*PROBLEM TO WORK ON*. Please restate, word for word, the lines below that begin at the one with "प्रमुख राजनीतिक दलहरूले" and end at the one with "वाहन पार्किंग का". Leave out all other lines.

*MATERIAL FOR THIS EXERCISE*.
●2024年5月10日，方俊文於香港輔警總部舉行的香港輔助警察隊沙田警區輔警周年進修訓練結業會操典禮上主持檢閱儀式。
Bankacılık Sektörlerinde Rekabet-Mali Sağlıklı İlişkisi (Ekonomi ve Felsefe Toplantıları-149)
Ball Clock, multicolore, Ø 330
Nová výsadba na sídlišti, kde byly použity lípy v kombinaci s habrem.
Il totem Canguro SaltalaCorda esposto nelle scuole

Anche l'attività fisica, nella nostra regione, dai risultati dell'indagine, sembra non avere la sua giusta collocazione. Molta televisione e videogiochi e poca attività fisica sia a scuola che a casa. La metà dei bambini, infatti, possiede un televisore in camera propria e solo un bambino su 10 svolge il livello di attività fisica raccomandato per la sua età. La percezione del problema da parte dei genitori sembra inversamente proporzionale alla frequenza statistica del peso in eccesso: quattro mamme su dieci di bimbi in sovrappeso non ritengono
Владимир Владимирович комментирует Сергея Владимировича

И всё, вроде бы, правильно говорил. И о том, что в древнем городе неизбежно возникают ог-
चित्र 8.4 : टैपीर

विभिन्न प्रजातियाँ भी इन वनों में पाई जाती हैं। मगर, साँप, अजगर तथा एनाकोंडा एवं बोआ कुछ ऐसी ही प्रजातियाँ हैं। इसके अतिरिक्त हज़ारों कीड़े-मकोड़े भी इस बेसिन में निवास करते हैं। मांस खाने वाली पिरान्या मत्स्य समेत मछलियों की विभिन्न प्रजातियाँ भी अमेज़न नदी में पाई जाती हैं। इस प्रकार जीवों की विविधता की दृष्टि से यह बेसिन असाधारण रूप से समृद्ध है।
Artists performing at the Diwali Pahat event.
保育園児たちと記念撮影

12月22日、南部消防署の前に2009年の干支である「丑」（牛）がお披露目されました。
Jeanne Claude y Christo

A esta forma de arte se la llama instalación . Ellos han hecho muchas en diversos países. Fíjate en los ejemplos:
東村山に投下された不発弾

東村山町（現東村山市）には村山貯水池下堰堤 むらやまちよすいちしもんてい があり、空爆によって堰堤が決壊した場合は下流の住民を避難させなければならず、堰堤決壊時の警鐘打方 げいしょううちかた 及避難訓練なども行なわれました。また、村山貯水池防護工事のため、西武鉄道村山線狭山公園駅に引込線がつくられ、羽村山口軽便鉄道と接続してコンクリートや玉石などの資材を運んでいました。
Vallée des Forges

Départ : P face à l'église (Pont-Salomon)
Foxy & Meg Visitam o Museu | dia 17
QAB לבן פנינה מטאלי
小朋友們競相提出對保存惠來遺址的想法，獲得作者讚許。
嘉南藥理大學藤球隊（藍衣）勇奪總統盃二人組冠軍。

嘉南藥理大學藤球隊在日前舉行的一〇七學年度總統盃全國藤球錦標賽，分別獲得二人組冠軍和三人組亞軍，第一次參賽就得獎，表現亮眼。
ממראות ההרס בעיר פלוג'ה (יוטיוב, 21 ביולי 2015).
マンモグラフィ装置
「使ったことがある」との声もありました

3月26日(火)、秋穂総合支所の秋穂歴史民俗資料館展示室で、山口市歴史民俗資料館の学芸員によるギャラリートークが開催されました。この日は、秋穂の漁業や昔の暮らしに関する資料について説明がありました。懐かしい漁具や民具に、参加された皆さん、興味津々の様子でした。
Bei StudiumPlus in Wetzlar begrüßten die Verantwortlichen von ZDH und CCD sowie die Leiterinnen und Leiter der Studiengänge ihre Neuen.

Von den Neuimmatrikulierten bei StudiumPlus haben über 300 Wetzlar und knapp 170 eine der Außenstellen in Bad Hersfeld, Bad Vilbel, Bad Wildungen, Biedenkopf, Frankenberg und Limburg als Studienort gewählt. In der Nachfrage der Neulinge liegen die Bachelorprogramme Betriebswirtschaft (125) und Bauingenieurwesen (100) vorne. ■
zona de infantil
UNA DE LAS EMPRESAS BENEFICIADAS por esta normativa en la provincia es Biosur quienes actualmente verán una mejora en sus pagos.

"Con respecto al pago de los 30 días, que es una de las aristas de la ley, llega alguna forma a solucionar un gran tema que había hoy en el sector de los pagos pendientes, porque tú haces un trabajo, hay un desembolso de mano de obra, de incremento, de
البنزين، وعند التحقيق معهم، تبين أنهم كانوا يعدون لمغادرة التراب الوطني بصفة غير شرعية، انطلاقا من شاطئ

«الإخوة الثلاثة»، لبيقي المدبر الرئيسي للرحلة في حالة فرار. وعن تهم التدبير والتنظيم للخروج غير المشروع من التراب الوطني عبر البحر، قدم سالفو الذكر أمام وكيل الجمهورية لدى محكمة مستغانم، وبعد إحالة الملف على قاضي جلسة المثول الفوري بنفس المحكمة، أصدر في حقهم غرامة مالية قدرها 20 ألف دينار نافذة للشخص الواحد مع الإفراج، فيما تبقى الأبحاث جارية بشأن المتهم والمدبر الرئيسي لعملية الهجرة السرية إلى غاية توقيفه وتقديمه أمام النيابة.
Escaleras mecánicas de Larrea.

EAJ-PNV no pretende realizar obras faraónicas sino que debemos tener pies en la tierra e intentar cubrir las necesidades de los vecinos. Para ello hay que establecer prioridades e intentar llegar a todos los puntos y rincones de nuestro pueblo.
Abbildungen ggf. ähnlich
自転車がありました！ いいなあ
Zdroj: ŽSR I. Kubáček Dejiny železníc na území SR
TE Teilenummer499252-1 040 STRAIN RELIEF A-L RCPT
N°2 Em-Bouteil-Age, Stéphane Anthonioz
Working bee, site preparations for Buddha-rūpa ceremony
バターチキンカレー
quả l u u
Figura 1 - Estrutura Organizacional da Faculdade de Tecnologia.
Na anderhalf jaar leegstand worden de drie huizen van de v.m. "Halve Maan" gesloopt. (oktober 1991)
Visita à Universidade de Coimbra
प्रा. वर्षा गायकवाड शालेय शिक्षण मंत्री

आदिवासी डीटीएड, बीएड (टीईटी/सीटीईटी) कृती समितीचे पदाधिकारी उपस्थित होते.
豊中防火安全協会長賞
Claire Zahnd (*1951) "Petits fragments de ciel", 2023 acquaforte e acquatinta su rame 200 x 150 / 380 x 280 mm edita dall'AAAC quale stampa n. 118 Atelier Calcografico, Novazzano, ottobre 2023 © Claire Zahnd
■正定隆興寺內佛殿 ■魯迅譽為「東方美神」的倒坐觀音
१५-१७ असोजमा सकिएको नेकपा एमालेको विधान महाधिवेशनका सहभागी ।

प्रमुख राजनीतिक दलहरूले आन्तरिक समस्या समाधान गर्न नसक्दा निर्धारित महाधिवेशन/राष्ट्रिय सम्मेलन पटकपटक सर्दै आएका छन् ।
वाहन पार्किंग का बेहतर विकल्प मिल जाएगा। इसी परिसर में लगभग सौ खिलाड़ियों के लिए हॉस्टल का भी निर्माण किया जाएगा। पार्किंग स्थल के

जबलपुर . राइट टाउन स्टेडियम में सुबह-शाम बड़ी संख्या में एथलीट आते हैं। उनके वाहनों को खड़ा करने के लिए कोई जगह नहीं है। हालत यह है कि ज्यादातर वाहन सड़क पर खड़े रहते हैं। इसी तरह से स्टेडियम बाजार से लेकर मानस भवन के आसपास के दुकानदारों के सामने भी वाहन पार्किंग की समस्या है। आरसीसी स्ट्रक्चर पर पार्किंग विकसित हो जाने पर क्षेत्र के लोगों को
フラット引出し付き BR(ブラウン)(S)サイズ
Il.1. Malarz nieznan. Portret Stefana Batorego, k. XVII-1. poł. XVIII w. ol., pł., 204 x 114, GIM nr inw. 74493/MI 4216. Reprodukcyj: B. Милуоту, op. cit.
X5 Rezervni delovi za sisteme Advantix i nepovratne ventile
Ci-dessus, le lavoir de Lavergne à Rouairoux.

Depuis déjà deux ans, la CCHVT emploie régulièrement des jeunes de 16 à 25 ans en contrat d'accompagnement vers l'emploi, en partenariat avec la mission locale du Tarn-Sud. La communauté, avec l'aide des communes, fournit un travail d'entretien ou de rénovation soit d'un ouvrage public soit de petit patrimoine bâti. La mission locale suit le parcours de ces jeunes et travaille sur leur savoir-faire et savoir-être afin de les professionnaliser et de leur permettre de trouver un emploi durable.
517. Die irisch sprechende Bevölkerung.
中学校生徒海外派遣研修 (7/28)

*WORKED SOLUTION*.
प्रमुख राजनीतिक दलहरूले आन्तरिक समस्या समाधान गर्न नसक्दा निर्धारित महाधिवेशन/राष्ट्रिय सम्मेलन पटकपटक सर्दै आएका छन् ।
वाहन पार्किंग का बेहतर विकल्प मिल जाएगा। इसी परिसर में लगभग सौ खिलाड़ियों के लिए हॉस्टल का भी निर्माण किया जाएगा। पार्किंग स्थल के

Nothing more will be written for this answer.